I've started using Issues for tracking my changes in Github. The issue tracker is really good, I've used it elsewhere but I felt before it was a bit heavy for using just as a "to do" list. However, now I want to know why I changed a piece of code and although git commit messages can give me a little of that, attaching code to an issue gives me more background. I can now organise releases (Milestones) and GitHub will create release notes too (no example just yet but it's coming). The code base is growing and so this is going to be come more important if I am going to keep motivated.

In the project window, the issues show up with their state and changing the issue will cause it to move column (I had to set that up but it was simple to do). I still have "notes" in there before converting to issues. I'm going to use it as "when I am sure I need a feature, I turn a note into an issue".

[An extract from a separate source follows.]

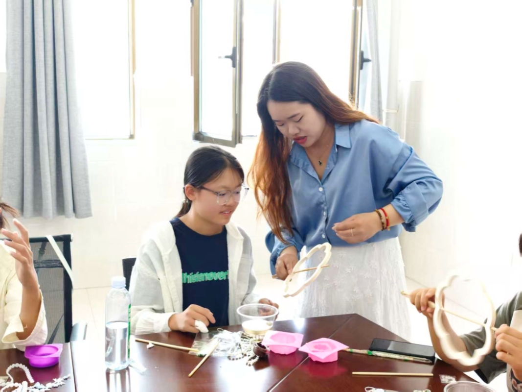 震撼之后是專注的匠心傳遞。煮繭盆熱氣蒸騰,尋找絲頭需要無比的耐心與敏銳。在江蘇科技大學生物技術學院研究生第二黨支部成員吳伊湘的指導下,素凈的團扇骨架漸漸被晶瑩剔透的蠶絲溫柔纏繞。絲韻流轉間,小小蠶絲扇,承載著凌云壯志與赤誠童心,在夏日晚風中輕輕飄揚。

I can use colours to show when something isn't working quite right, such as yellow for "waiting on release of Unity 2018.2", blue for feature, red for bug.

brainwipe's picture

The new state machine states of "loop" and "run away" have made the game into something very different indeed. You have to plan your approach and attack and if you decide to pursue, then the rear cannon the enemy can whittle you down. The advantage the player has over the enemy is making decisions based on the prevailing wind streams. As the enemy is just charting a course "roughly away from player", then you can use the wind direction to gain on the enemy. Unfortunately, it's difficult to see the wind patterns right now but I have a plan for that when I come to change the environment.